Bajo orden de la administración Trump, tres destructores con misiles guiados, un escuadrón anfibio con más de 4.000 marines, submarinos y avanzados aviones de reconocimiento se han posicionado a escasa distancia del territorio venezolano.

El mensaje parece inequívoco. Washington está dispuesto a recurrir a todo su poder militar y diplomático para acorralar a un régimen que, desde hace años, se sostiene únicamente por el miedo, la represión de sus ciudadanos y la connivencia del crimen organizado y el narcotráfico.

La noticia ha provocado una reacción inmediata y beligerante en Caracas. Nicolás Maduro, el autócrata que amañó las elecciones y aniquiló cualquier escasa legitimidad democrática que le pudiera quedar a su régimen corrupto, ha movilizado a más de cuatro millones de milicianos, prometiendo resistencia absoluta ante cualquier intromisión extranjera.

El régimen chavista acusa a Estados Unidos de planear una invasión, pero omite que su permanencia en el poder se cimenta en la corrupción estructural y la vulneración sistemática de los derechos humanos.

La ofensiva de Washington tiene dos objetivos claros.

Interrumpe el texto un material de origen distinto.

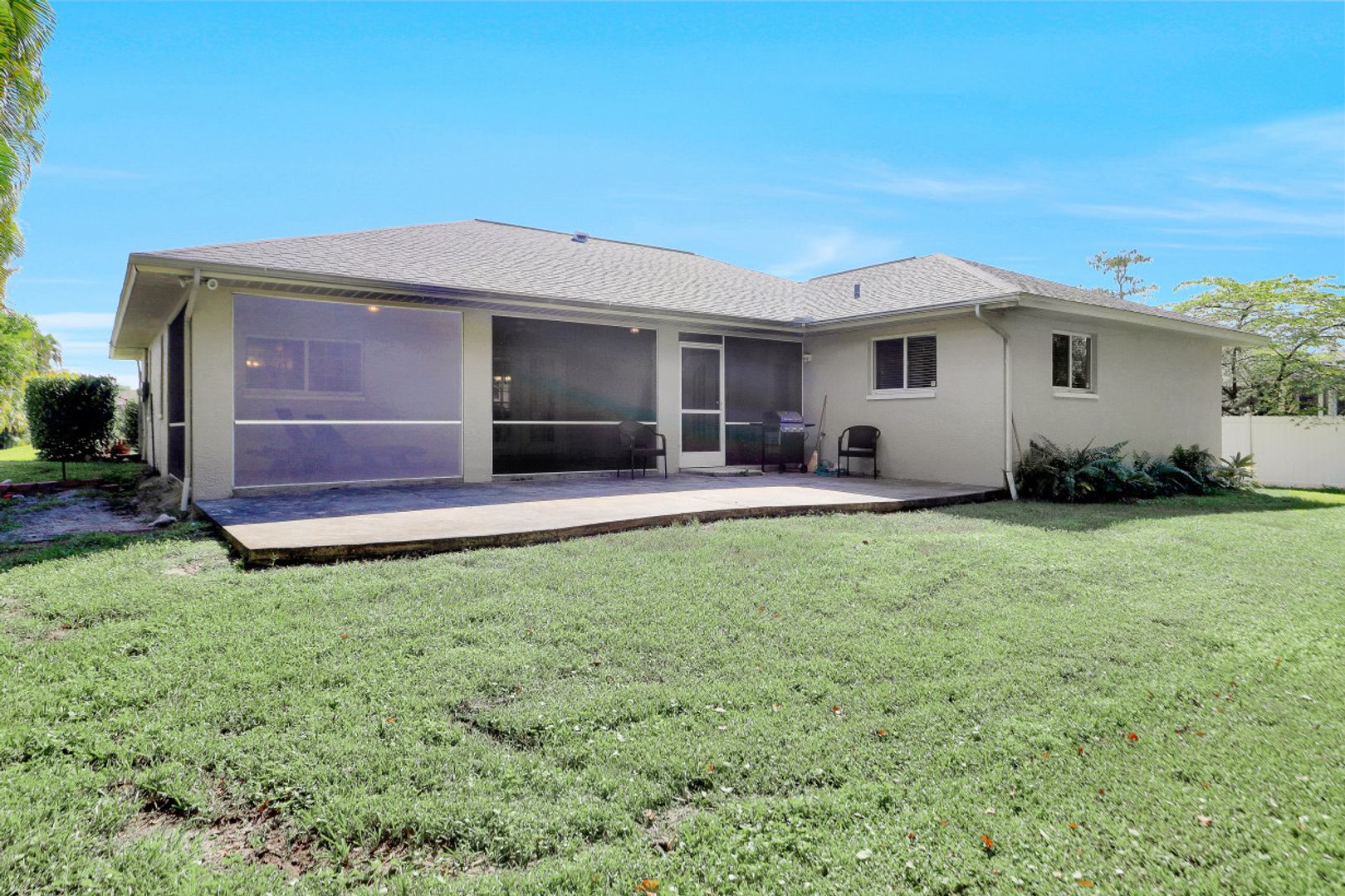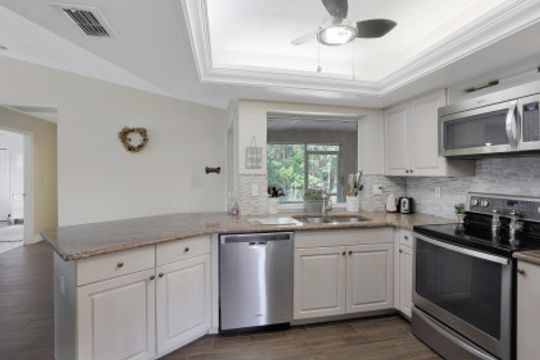 Updated 5 years ago - including roof & a/c, this 3 bed 3 bath home is move in ready! The split floor plan features cathedral ceilings in the living area, newer wood like tile floors throughout and plenty of natural light. Charming breakfast bar kitchen with tray ceiling, undermount kitchen sink, stainless steel appliances and pass through window to the lanai; great for gatherings! Formal dining, living area + family room creates ideal space for entertaining. Owners suite with walk-in closet extends into the owners bath with shower. Two additional guest room and full bath available for family & friends. French doors lead out to the oversize under roof screened lanai area with direct access to 2nd bath; relax in your patio chase lounge and still have plenty of room to spare. Extended open patio area; great platform for BBQ's, soaking up the sun or night time star gazing. Tucked away in the center of Ft Myers provides easy access to an abundance of stores, restaurants, family fun activities, I-75 and more. All that's missing is you!!
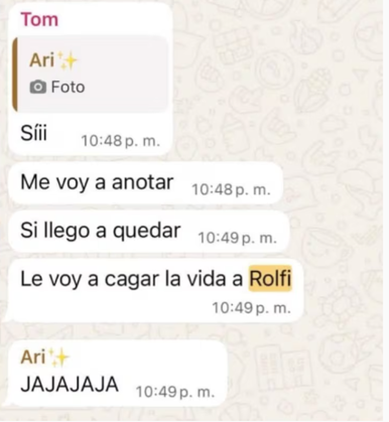 “Le voy a cagar la vida a Rolfi”, se puede leer el mensaje de un hombre identificado como Tom, en uno de los chats de WhatsApp que se filtraron tras el suicidio de Matías Rolfi. De acuerdo con las declaraciones de Rocío Rolfi, hermana del estudiante, a TN, Tom sería un ayudante de cátedra de la materia Bromatología en la Facultad de Medicina. Lo mismo sucede con Ariana, la mujer con la que conversaba en el chat.

Por un lado, golpear el entramado del narcotráfico que ha convertido el país caribeño en un santuario para los carteles, muy especialmente el denominado Cartel de los Soles, red criminal controlada (según la justicia estadounidense) por altos mandos militares venezolanos y el propio Maduro.

Este cartel no sólo trafica con drogas, sino que utiliza los recursos del Estado para financiarse y mantener la fidelidad de los generales que apuntalan al usurpador.

Por otro lado, el despliegue militar americano persigue quebrar la unidad de hierro del chavismo gobernante. La elevación de la recompensa por la captura de Maduro a cincuenta millones de dólares, sumada a la clasificación del Cartel de los Soles como organización terrorista internacional, no son sólo instrumentos penales: son mensajes directos a la cúpula venezolana para que evalúe su lealtad y se plantee la deserción o la negociación de una salida pactada.

La Casa Blanca lo ha dejado claro: Maduro no es un presidente legítimo, sino el cabecilla de una organización criminal transnacional.

Este nuevo pulso geopolítico en el Caribe tiene enormes implicaciones estratégicas. El despliegue naval americano reaviva los fantasmas del intervencionismo estadounidense en el continente.

Pero también pone en evidencia la parálisis de los organismos multilaterales y la escasa influencia real de la Unión Europea en la región, con la conocida excepción del oscuro papel de José Luis Rodríguez Zapatero como mediador del régimen dictatorial. Un papel que ha hecho que muchos analistas lo consideren el verdadero «ministro de Exteriores» de Maduro.

Al mismo tiempo, la presión norteamericana pone a prueba a los aliados internacionales de Maduro, entre ellos Irán, Rusia, Cuba y China, lo que podría forzar una redefinición de los equilibrios geopolíticos en la zona.

En este escenario de máxima tensión, la sociedad venezolana mantiene una esperanza frágil de cambio. El régimen, enrocado y cada vez más aislado, ha respondido al despliegue naval americano con la habitual retórica soberanista y una histriónica llamada a las armas.

Pero las fisuras en el bloque chavista comienzan a ser visibles. Frente al desplome económico y la creciente presión internacional, se abren grietas en la coraza de la dictadura.

Maduro toca a rebato porque sabe que, por primera vez en años, el tiempo corre verdaderamente en su contra. Pero está por ver que la presión de los Estados Unidos, que algunos analistas han calificado de «Guerra Fría en el Caribe», sea suficiente por sí sola para quebrar al régimen del usurpador socialista.